══ RAW DATA

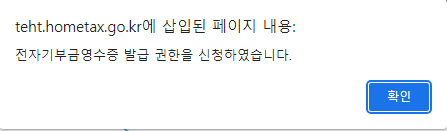 정상적으로 과정을 마쳤다면 '전자기부금영수증 발급 권한을 신청하였습니다.' 라는 팝업창이 뜹니다.
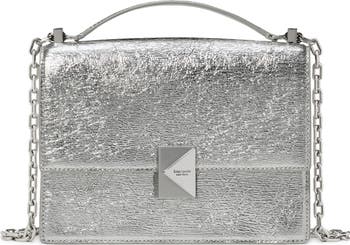 Art Deco-inspired hardware makes a signature statement on a metallic leather bag fitted with a convertible crossbody strap for versatile wear.
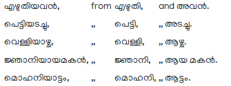 Eleventhly. In cases where words, beginning with the letter എ, are affixed to others ending in a vowel, the എ is changed into its medial and placed before the last consonant of the word prefixed, from which its own vowel has been previously removed; as,
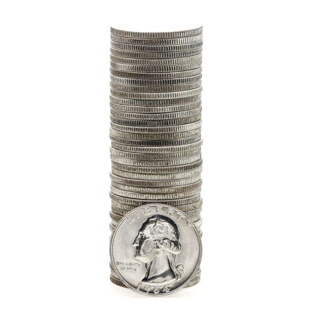 Roll of (40) Brilliant Uncirculated 1964 Washington Quarter Coins
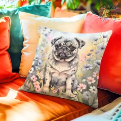 Merle Pug Decorative Poly Linen Cushion & Covers
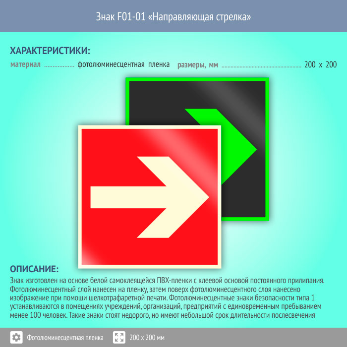 Знак F01-01 «Направляющая стрелка» (фотолюминесцентная пленка, 200х200 мм) в Твери купить
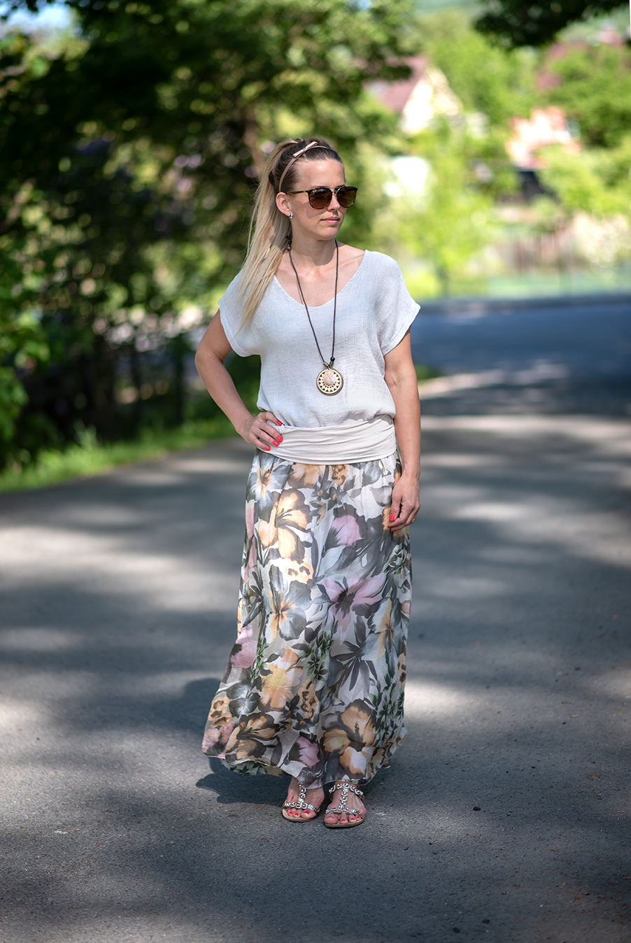 Sukně dlouhá hedvábí květ 3035S
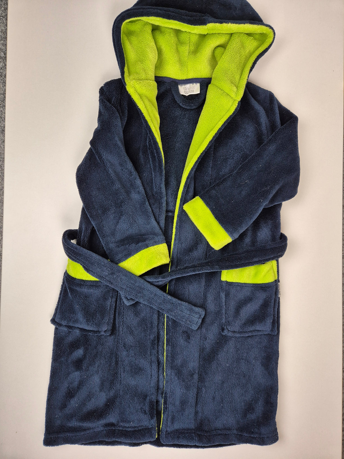 Měkoučký župan Envie ve velikosti 122/128 je ideální po koupání, na ranní pohodu i večerní lenošení. Tmavě modrá barva působí elegantně a krásně kontrastuje se zářivou limetkovou podšívkou. Župan je z velmi hebkého a hřejivého fleecu, má kapuci, praktické kapsy a pásek na zavazování.
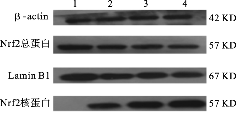 1.3.4 HSC-T6细胞总蛋白和胞核中Nrf2蛋白表达检测采用Western blot法,收集细胞,分别提取细胞总蛋白和核蛋白。(1)总蛋白提取:分别加入5倍细胞含有蛋白酶抑制剂的细胞裂解液,将细胞吹悬,冰上裂解15~20 min,用1 mL注射器对裂解液反复抽吸20次,再继续冰上裂解15~20 min,4 ℃离心,12 000 r/min 20 min;将上清移入1.5 mL 微量离心管中,加入1/2体积上样缓冲液,沸水中煮5 min;4 ℃离心,12 000 r/min 5 min,得细胞总蛋白,-20 ℃冰箱中保存备用。(2)核蛋白提取:每20 μL细胞沉淀加入200 μL含苯甲基磺酰氟(phenylmethylsulfonyl fluoride,PMSF)的细胞浆蛋白抽提试剂A,剧烈震荡5 s,把细胞沉淀完全悬浮并分散开,冰浴10 min;加入细胞浆蛋白抽提试剂B 10 μL,剧烈震荡5 s,冰浴1 min。再剧烈震荡5 s,4 ℃离心,12 000 r/min 5 min;沉淀加入50 μL含PMSF的细胞核蛋白抽提试剂,剧烈震荡30 s,把细胞沉淀完全悬浮并分散开,然后放回冰中,每隔1 min再剧烈震荡30 s,共30 min;4 ℃离心,12 000 r/min 10 min,立即吸取上清至一预冷的微量离心管中,即细胞核蛋白,-20 ℃冰箱中保存备用。(3)聚氰基丙烯酸正丁酯(bicinchoninic acid,BCA)蛋白定量法计算各组蛋白浓度:每组取20 μg蛋白进行聚丙烯酰胺凝胶电泳(polyacrylamide gelelectrophoresis,PAGE)湿转于PVDF膜上,5%牛血清白蛋白室温封闭2 h,兔抗鼠一抗Nrf2单克隆抗体(1:2 000),4 ℃孵育12 h,辣根过氧化物酶标记羊抗兔二抗(1:20 000)室温孵育1 h,Tris-HCl缓冲盐溶液清洗后默克密理博发光液显色、曝光,Image J 软件分析灰度值;以目的条带和内参条带比值进行半定量分析。

════

## TASK INSTRUCTIONS
Everything from the line with "Eleventhly. In cases" through the line with "Sukně dlouhá hedvábí květ 3035S" in the material above should be transcribed exactly, except the pictures.

## WRITTEN RESPONSE
 Eleventhly. In cases where words, beginning with the letter എ, are affixed to others ending in a vowel, the എ is changed into its medial and placed before the last consonant of the word prefixed, from which its own vowel has been previously removed; as,
 Roll of (40) Brilliant Uncirculated 1964 Washington Quarter Coins
 Merle Pug Decorative Poly Linen Cushion & Covers
 Знак F01-01 «Направляющая стрелка» (фотолюминесцентная пленка, 200х200 мм) в Твери купить
 Sukně dlouhá hedvábí květ 3035S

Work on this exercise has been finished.